With surgery, either only the pregnancy is removed from the tube or the entire tube is removed. In ruptured ectopic pregnancy cases where a lot of blood has been lost, you may also require a blood transfusion. Emergency treatment may require initial stabilization with oxygen, fluids, and elevating the legs above the level of the heart.

Women often ask, "Can the baby in an ectopic pregnancy ever be saved?" Sadly, the answer is almost always no—at least with current technology. Over 95 percent of ectopic pregnancies occur in the fallopian tubes, and with the growth of the fetus, the pregnancy would almost invariably rupture without medical intervention. Be sure to have your doctor clearly explain your condition so you understand what has happened. It is natural to grieve the loss of your pregnancy and need emotional support or counseling.

Complications

Possible complications or long-term effects of an ectopic pregnancy depend on many factors. The first concern is bleeding, and women may bleed to death if emergency care is not sought in a timely matter. Thankfully, this is very rare in the United States with 21st-century medical care.

Around 70 percent of women are able to become pregnant again (without assistance) even if a tube is lost through surgery.

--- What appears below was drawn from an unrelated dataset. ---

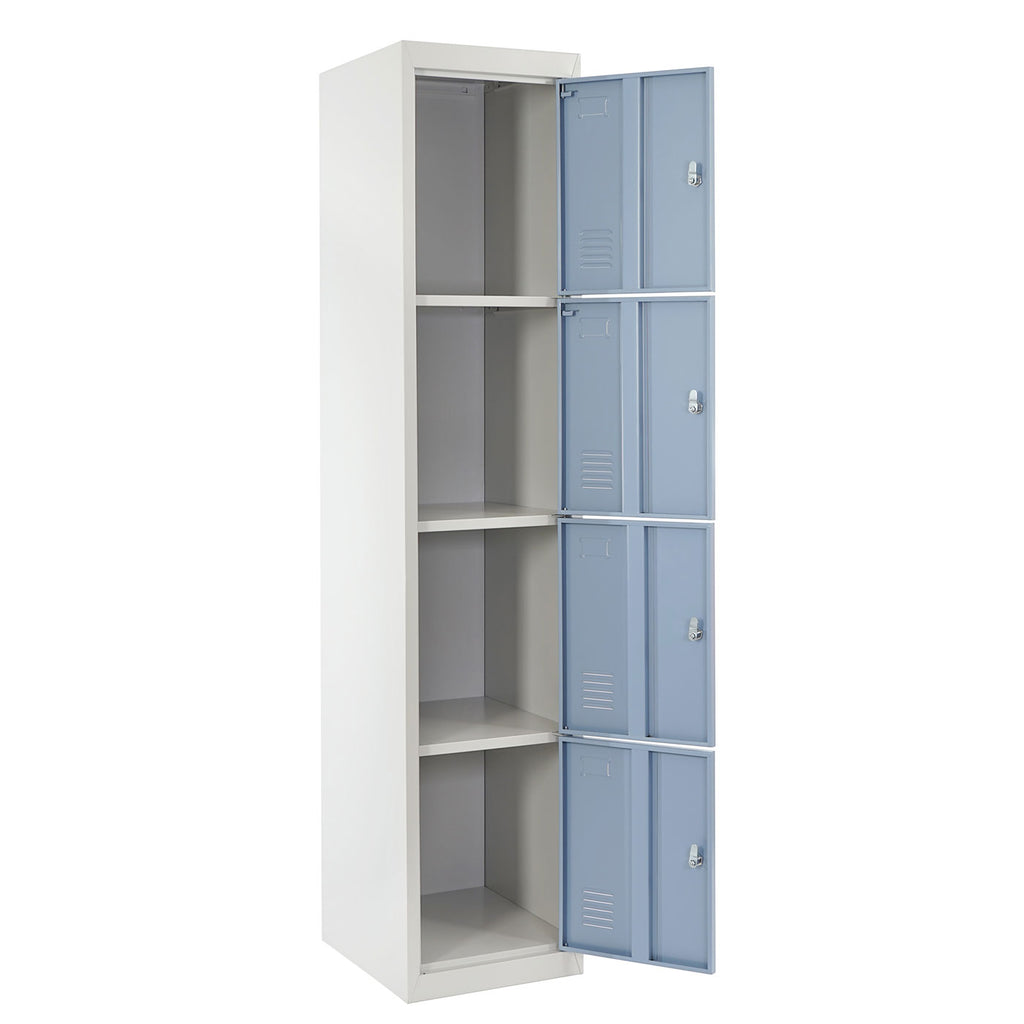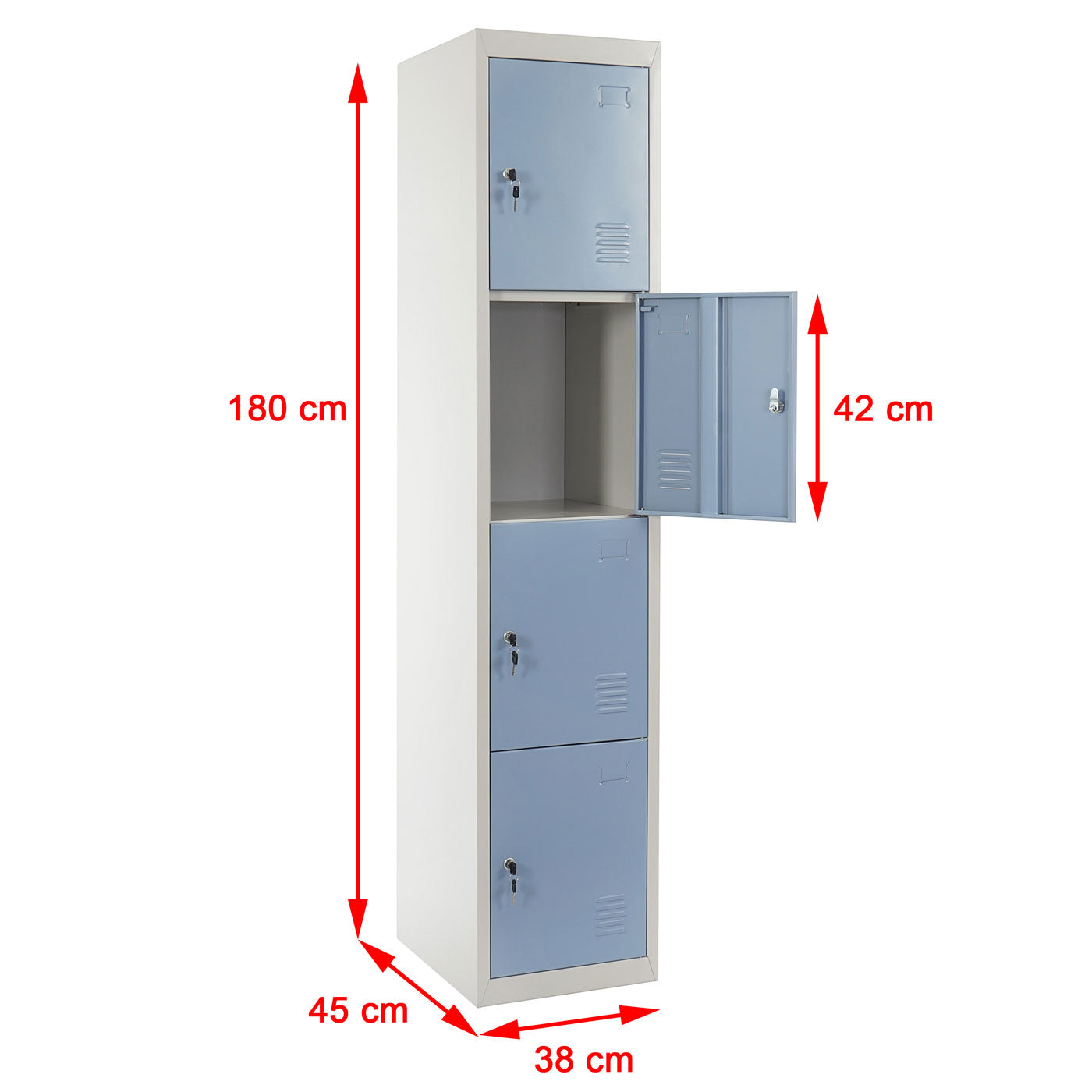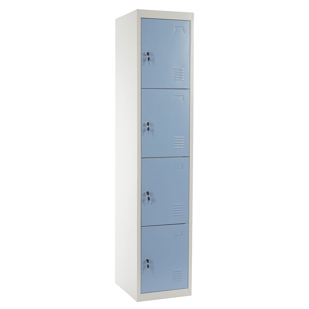 Équipé de 4 casiers, de clés et de clés de rechange pour chaque compartiment de sécurité individuel, de fentes d'aération et d'un porte-étiquette, équipez cette armoire de manière fonctionnelle.

There is a risk of a recurrent ectopic pregnancy between 10 and 20 percent of the time. Your physician will probably recommend carefully monitoring you during early pregnancy when you become pregnant again.

A Word From Verywell

You may be saddened and grieve for the loss of an ectopic pregnancy as you would for any form of miscarriage. It is natural to feel shock, anger, or guilt that this has happened to you, especially if you have been trying to conceive. You will face hormonal changes that can intensify your emotions, as well as contribute to fatigue, difficulty sleeping, and trouble concentrating. Reach out to your family and friends for emotional support. Counseling may also help you during this difficult time.